It is easy to define various ``degrees of difficulty'' in parallel processing. One such taxonomy might be as follows:
In this category fall the complex, asynchronous, real-time applications. A good example of such a beast is ``parallel chess'' [Felten:88h] of Section 14.3, where AI heuristics must be combined with real-time constraints to solve the ill-posed problem of searching the ``tree'' of potential moves.
In this area one might put the very large applications of fairly straightforward science. Often, algorithms must be carefully constructed, but the greatest problems are the large scale of the overall system and the fact that different ``modules'' must be integrated into the complete system. An example might be the SDI simulation ``Sim88'' and its successors [Meier:90a] described in Section 18.3. The parallel processing issues in such a code require careful thought but pose no insurmountable problems.

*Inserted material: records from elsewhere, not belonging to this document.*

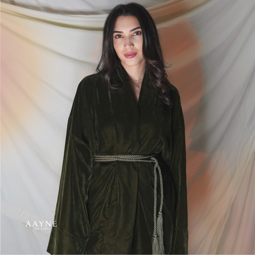 Côté matières, la fondatrice de la marque Aayne reste fidèle à deux textiles qu’elle affectionne particulièrement : le lin et le velours. « Le lin apporte une texture vivante et respirante tandis que le velours donne de la profondeur aux silhouettes », souligne-t-elle. La palette s’articule autour de tons terreux, naturels et apaisants, ponctués de touches plus vibrantes. « J’aimais l’idée de créer un équilibre entre sobriété et expression », confie-t-elle. Les coupes, elles aussi, privilégient la fluidité. « Les silhouettes sont pensées pour être flatteuses et gracieuses, sans être restrictives », explique-t-elle avec soin.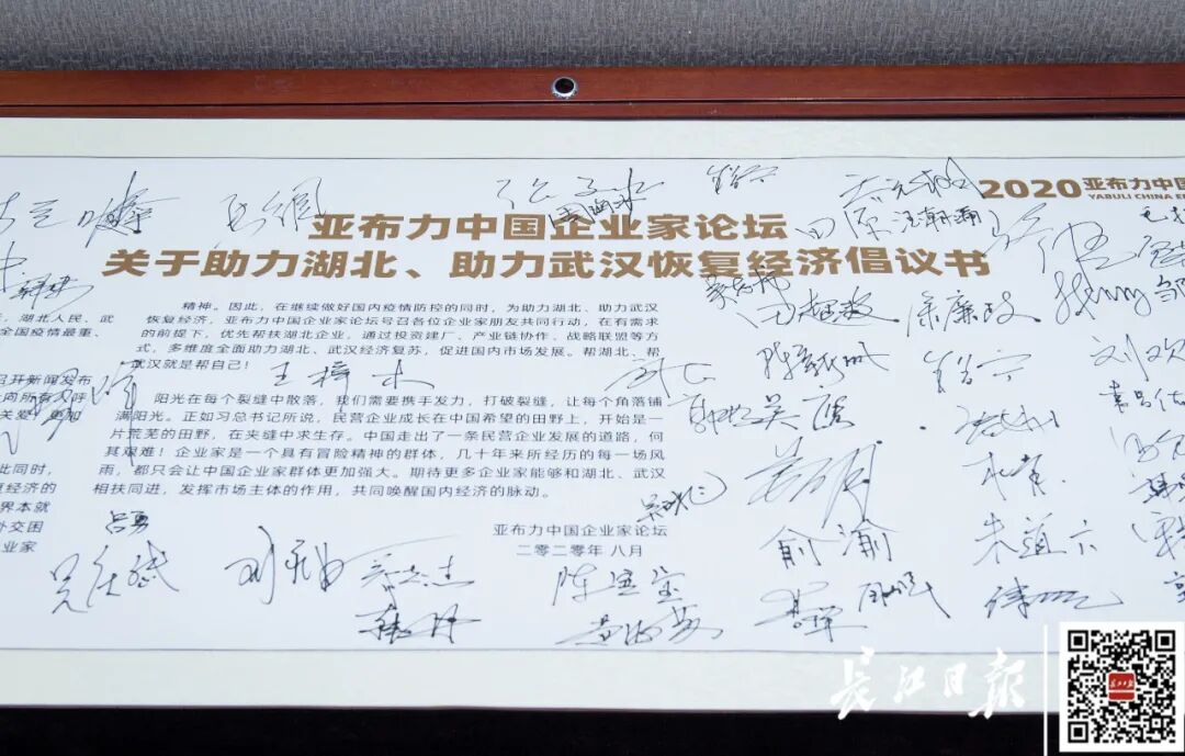百名知名企业家在亚布力中国企业家论坛关于助力湖北、助力武汉恢复经济倡议书上签名。任勇 摄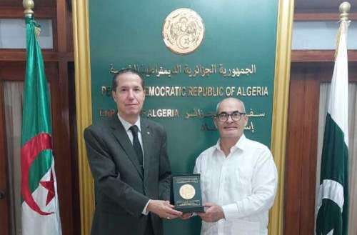 ISLAMABAD : Ambassador Dr. Brahim Romani received the newly appointed Ambassador of the Republic of Cuba to Pakistan, H.E. Mr. Damian Cordero Torres, who paid a courtesy call at his office.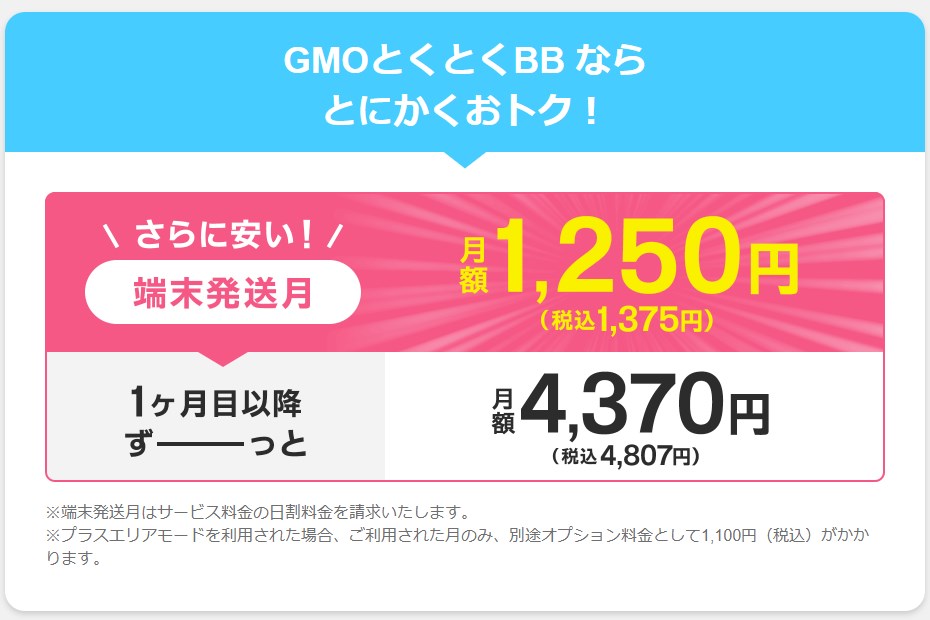 GMOとくとくBB 4,370円 縛りナシ キャッシュバック 31,000円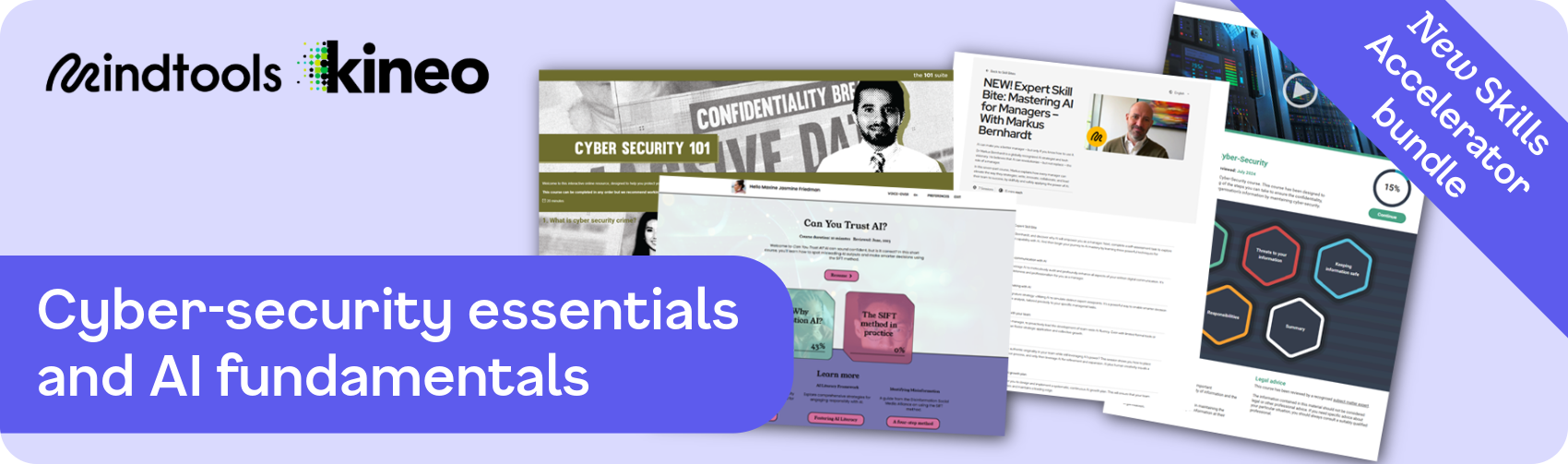 To recognise Cyber Security Month at Mindtools and Kineo, we’ve developed a powerful training bundle, to help organizations tackle today’s most urgent digital threats, from AI misuse to data protection. It includes a mix of new Kineo Shorts and Mindtools expert-led courses, teaching you how to evaluate AI outputs critically and decide when to trust — or question — what AI tells you.
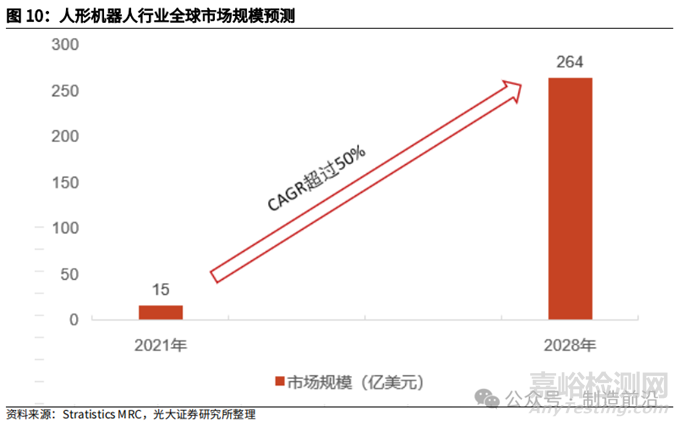 預(yù)計人形機(jī)器人的增速將大幅快于機(jī)器人行業(yè)的整體增速。根據(jù) StratisticsMRC 的數(shù)據(jù),2021 年全球人形機(jī)器人的市場規(guī)模為15 億美元,預(yù)計到 2028年將達(dá)到 264 億美元,2021-2028 年的 CAGR 達(dá) 50.5%;其中,分領(lǐng)域來看,Stratistics MRC 預(yù)計教育和娛樂領(lǐng)域的人形機(jī)器人復(fù)合增速最快,醫(yī)療保健領(lǐng)域占據(jù)最大的市場份額;分地區(qū)來看,Stratistics MRC 預(yù)計亞太地區(qū)的復(fù)合增速最快,北美地區(qū)的份額最高。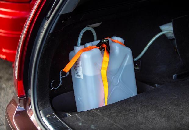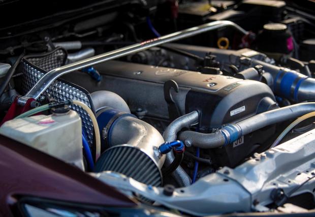 Blit излиза серийно с такъв, като този е със завинтена за него турбина Trust T78. Мощността? Не се споменава, но ако съдим по снимките колата/пилотът се справя добре. Обърнете внимание и на вързаната с ремък туба в багажника – това не е бензин или течност за чистачки, а вода за пръскалките на кулера.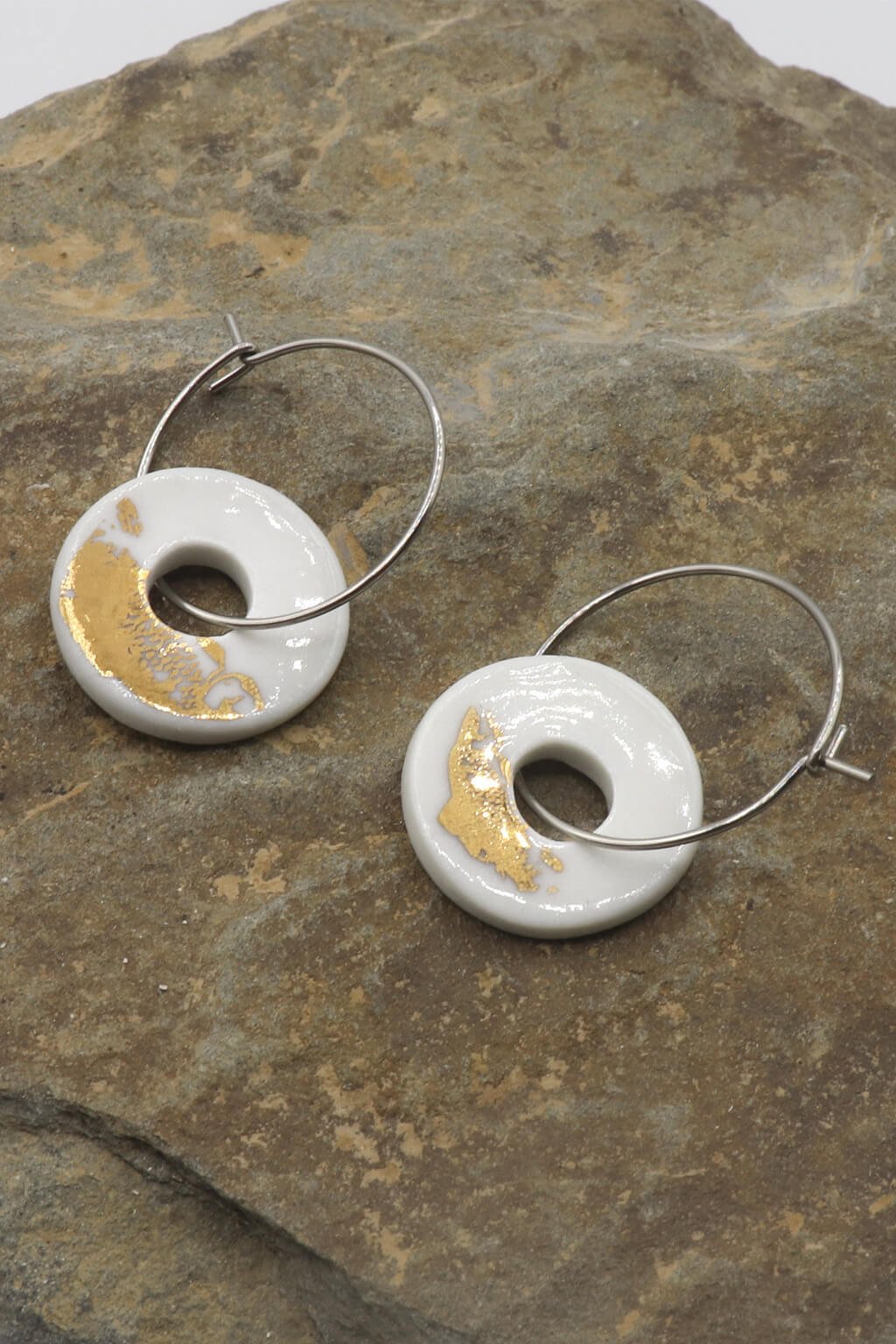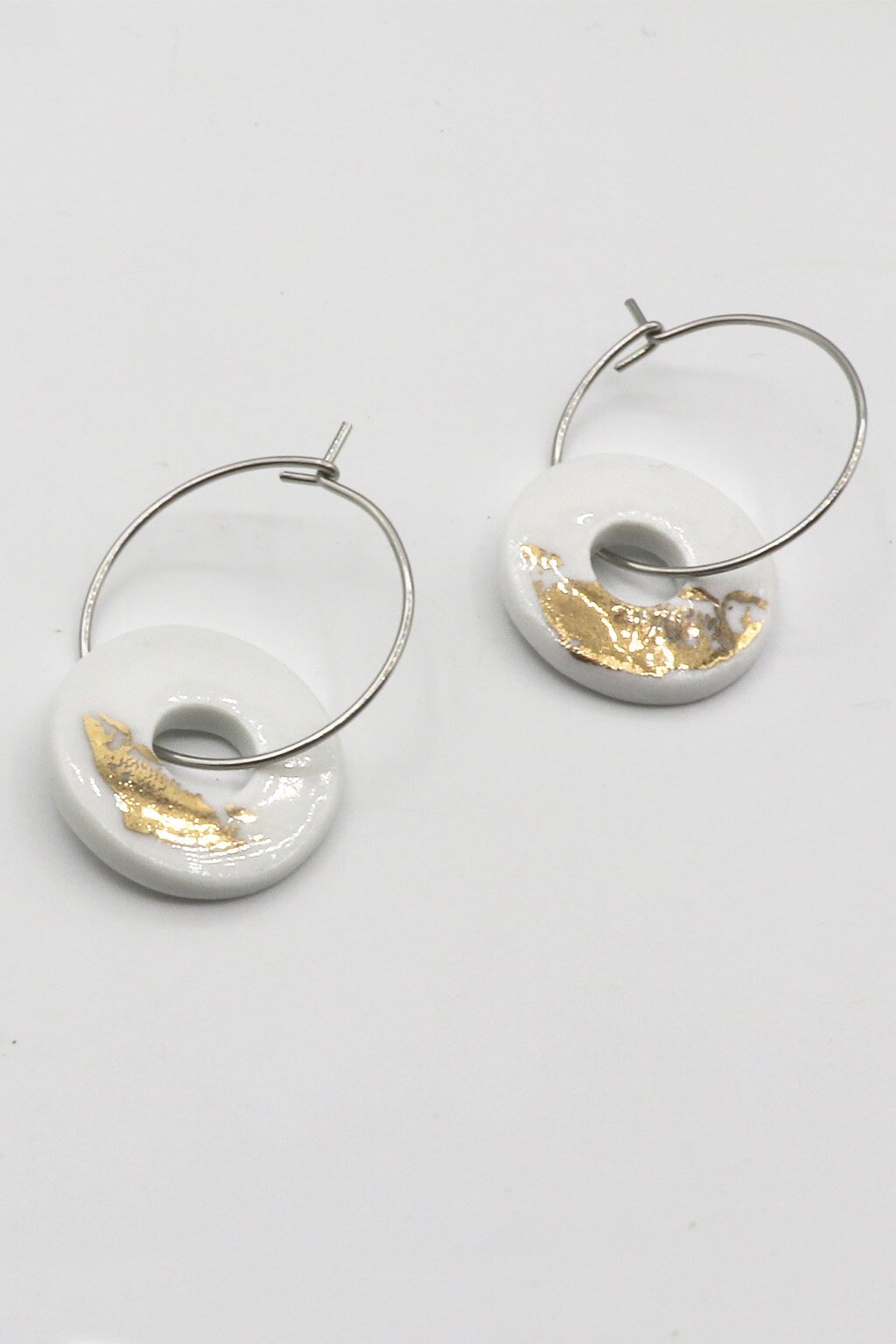 Porcelánové náušnice so zlatým motívom kaprov. Náušnice sú na krúžkoch z chirurgickej ocele v striebornom prevedení. Ideálna voľba pre citlivú pokožku.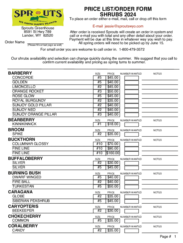 PRICE LIST/ORDER FORM SHRUBS 2024To place an order either email, mail, call or drop off this form Sprouts Greenhouse 8591 St Hwy 789 Lander, WY 82520 Order Name(Please fill out last page as well)Email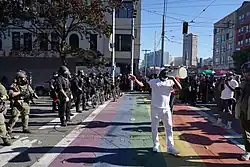 Major protests reemerged in opposition to the deployment of federal law enforcement in the city by the Trump administration.[8] Additional actions occurred on July 19,[9] July 22,[10] and again on July 25, when several businesses were vandalized and five construction trailers were set on fire at a youth jail.[11][8][12]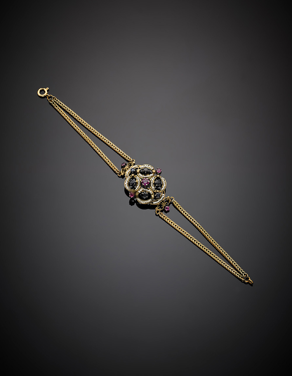 Bracciale in oro giallo con micro perle, zaffiri e rubini g 10,28, lungh. cm 16 circa. (lievi difetti)

Problems such as large-scale fluid dynamics or oceanography [Keppenne:90b] mentioned in Section 13.3 often have complex physics but fairly straightforward and well-known numerical methods. In these cases, the majority of the work involved in parallelization comes from analysis of the individual algorithms which can then often be parallelized separately. Each submodule is then a simpler, tractable problem which often has a ``well-known'' parallel implementation.
The simplest class of ``interesting'' parallel programs are partial differential equations [Brooks:82b], [Fox:88a] and the applications of Chapters 4 and 6. In these cases the parallel processing issues are essentially trivial but the successful implementation of the algorithm still requires some care to get the details correct.
The last class of problems are those with ``embarrassing parallelism'' such as in Chapter 7-essentially uncoupled loop iterations or functional units. In these cases, the parallel processing issues are again trivial but the code still requires care if it is to work correctly in all cases.
The ``bottom line'' from this type of analysis is that all but the hardest cases pose problems in parallelization which are, at least conceptually, straightforward. Unfortunately, the actual practice of turning such concepts into working code is never trivial and rarely easy. At best it is usually an error-prone and time-consuming task.
This is the basic reason for ASPAR's existence. Experience has taught us that the complexities of parallel processing are really due not to any inherent problems but to the fact that human beings and parallel computers don't speak the same language. While a human can usually explain a parallel algorithm on a piece of paper with great ease, it is often a significant task to convert that picture to functional code. It is our hope that the bulk of the work can be automated by the use of ``parallelizing'' technologies such as ASPAR. In particular, we believe (and our results so far bear out this belief) that problems in all the previous categories (except possibly (1) above), can be either completely or significantly automated.